Spin evolution of Ceres and Vesta due to impacts
Xiaochen Mao, William B. McKinnon
Meteoritics & Planetary Science
Version of Record online: 05 December 2020
“All asteroid spins evolve due to collisions. Geophysical analysis (Mao and McKinnon 2018b) implies Ceres might have been modestly despun (by ~6.5%) by impacts. Vesta’s postaccretion rotation rate, before the formation of the Veneneia and Rheasilvia basins, has also been proposed to have been higher (by ~6%) than today (Fu et al. 2014). We have designed Monte Carlo simulations to investigate Ceres’ and Vesta’s plausible spin evolution by impacts. We use the main belt asteroid size–frequency distribution, Ceres’ and Vesta’s cratering records, and their present‐day impact velocity probability distributions to quantify possible spin histories.
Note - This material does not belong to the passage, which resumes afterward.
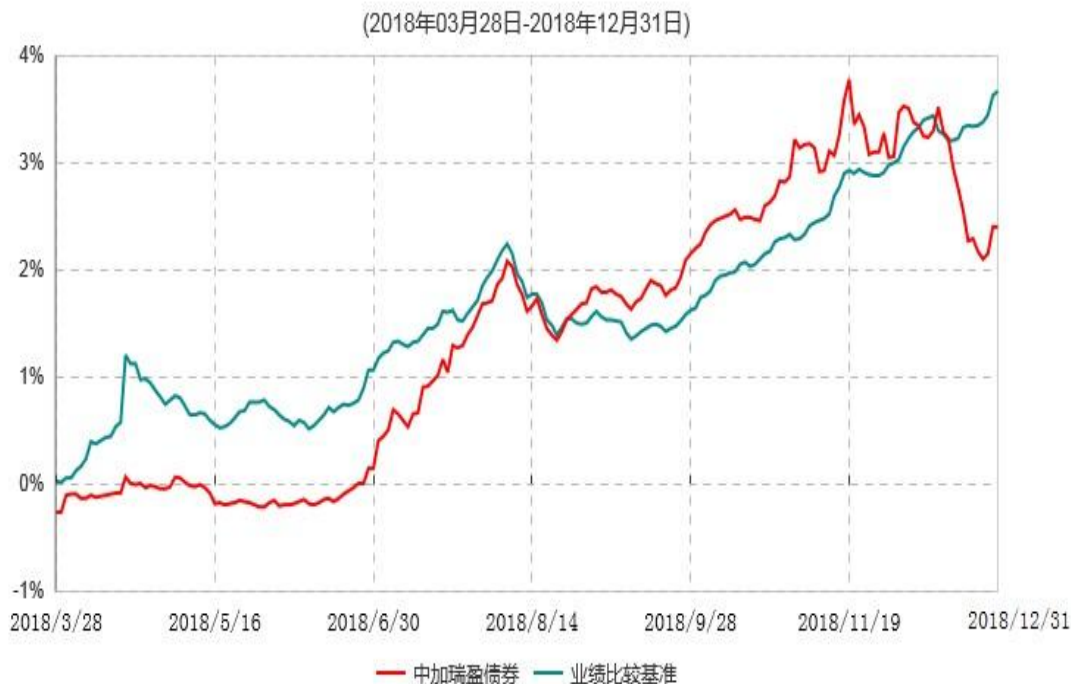
中加瑞盈债券型证券投资基金累计净值增长率与业绩比较基准收益率历史走势对比图

注：1. 本基金转型日为2018年3月28日，截至本报告期末，转型未满一年。 2. 根据转型相关公告和基金合同约定，本基金投资转型期为自转型之日起不超过3个月。投资转型期结束日（2018年6月27日）起次个工作日本基金的各项投资比例符合基金合同有关约定。

We consider dynamical effects from escaping ejecta, adopt mass‐velocity scaling laws for two endmember surface materials (porous and nonporous), and track potential catastrophic disruptions. Results show that Ceres’ spin period likely changed by a fraction of an hour (up or down) compared with its “initial,” accretional spin, mostly due to large impacts. Different surface materials do not yield statistically distinguishable final spin distributions, but imply opposite crustal evolutions where Ceres loses/accretes mass, depending on surface porosity; as much as several 100 m worth of exogenous material, globally averaged, can be accreted if the surface remains porous. Vesta’s final Monte Carlo spin distribution is more concentrated around its “initial” value, possibly implying a more relict spin state than Ceres. However, explicitly modeling the angular momentum changes wrought by Vesta’s two existing planetary‐scale impact basins shows that their formation alone can account for Vesta’s proposed spindown, although spinup is a much more likely outcome because of the scale and location of the impacts.”